- How to complete this task: From the line containing "美術館の中庭にある、脇田氏の" through the last line of the data, both ends included, write out every line exactly; omit the pictures.

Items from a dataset
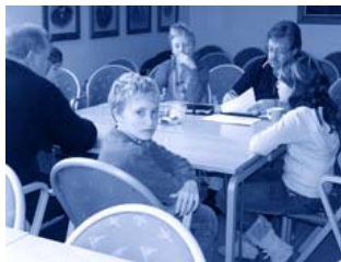
...på Barn- och ungdomskongress
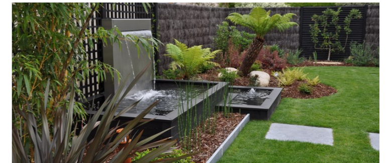
Bassin se déversant dans le niveau inférieur par le biais d'une lame d'eau. Très tendance de nos jours
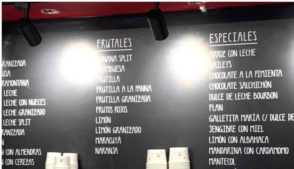
Heladería del abuelo malvin comentario 4
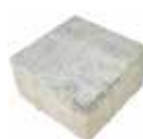
Stein 2 16,5 x 16,5 cm
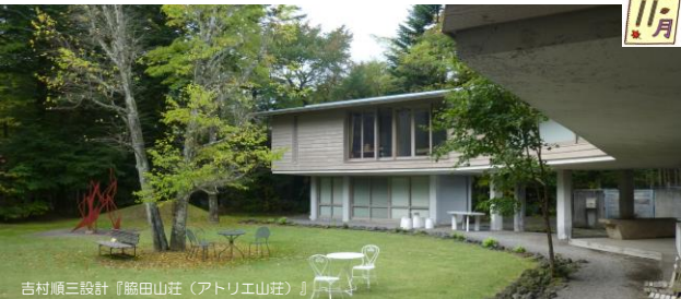
吉村順三設計『脇田山荘（アトリエ山荘）』

美術館の中庭にある、脇田氏のアトリエ山荘の見学でした。 これは、別荘建築の巨匠、吉村順三が設計した建物です。
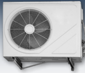
Klimaanlagen und Wärmepumpen eignen sich hervorragend für den Betrieb mit Solarstrom.
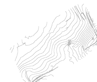
Altimetria 2 x 2 m
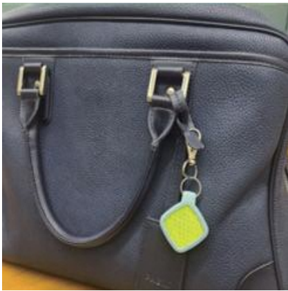
専用シリコンケース ストラップ型 (550円 [税込])
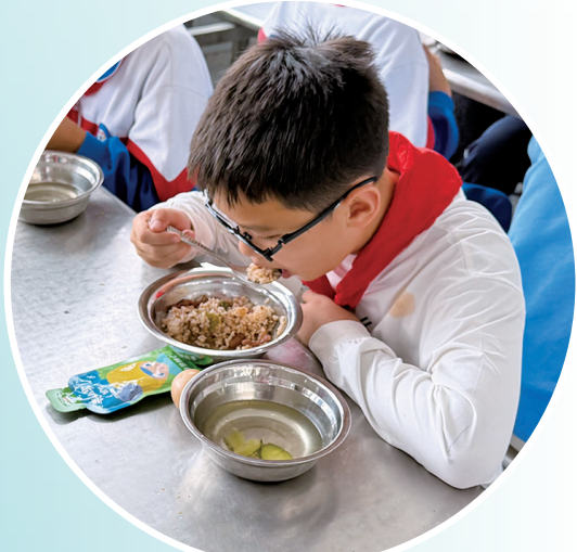
孩子们吃上热腾腾的饭菜。
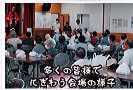
多くの皆様でにぎわり会場の様子
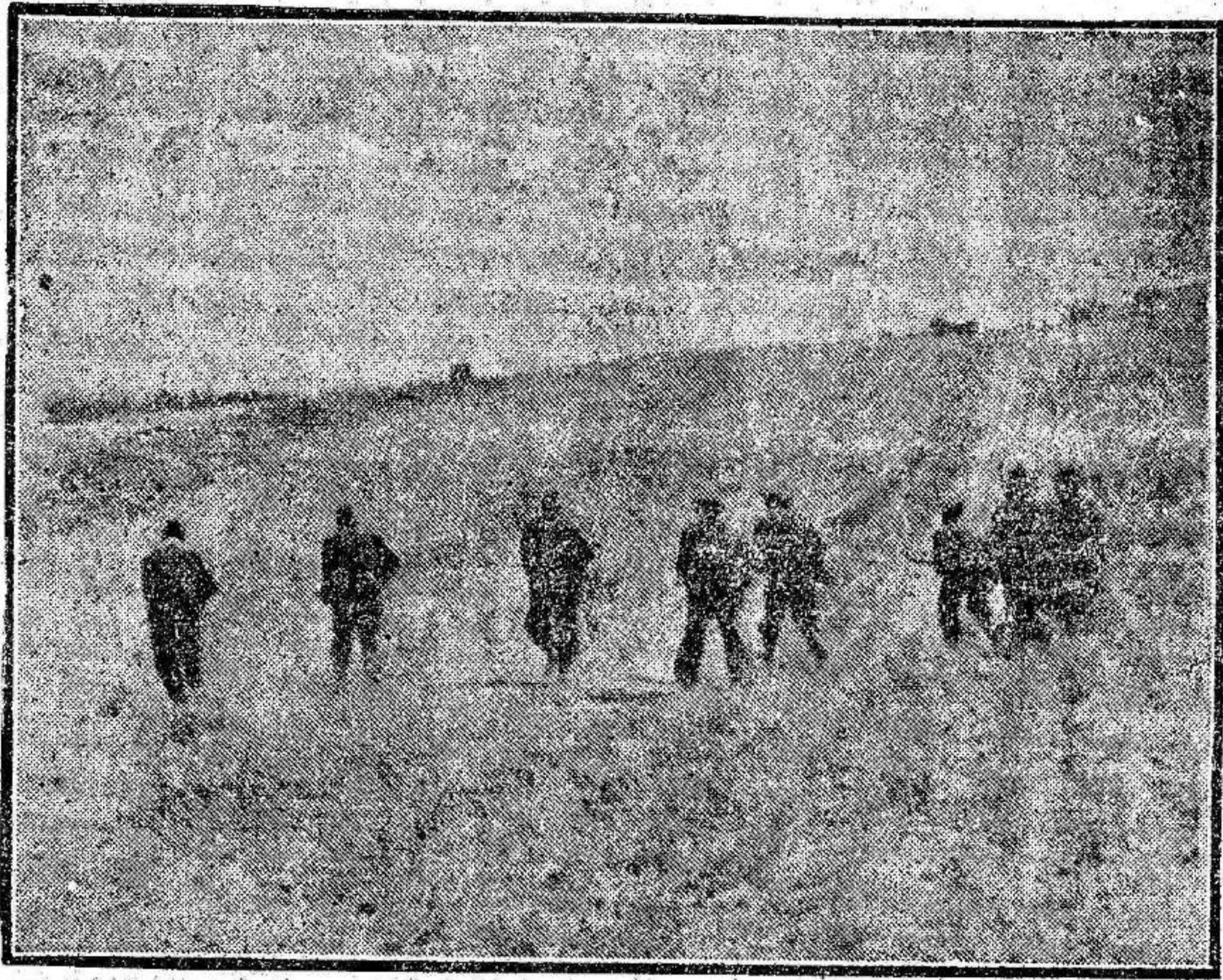
Milicianos desplegados en guerrilla en uno de los frentes leales.

- Finished task:
美術館の中庭にある、脇田氏のアトリエ山荘の見学でした。 これは、別荘建築の巨匠、吉村順三が設計した建物です。
Klimaanlagen und Wärmepumpen eignen sich hervorragend für den Betrieb mit Solarstrom.
Altimetria 2 x 2 m
専用シリコンケース ストラップ型 (550円 [税込])
孩子们吃上热腾腾的饭菜。
多くの皆様でにぎわり会場の様子
Milicianos desplegados en guerrilla en uno de los frentes leales.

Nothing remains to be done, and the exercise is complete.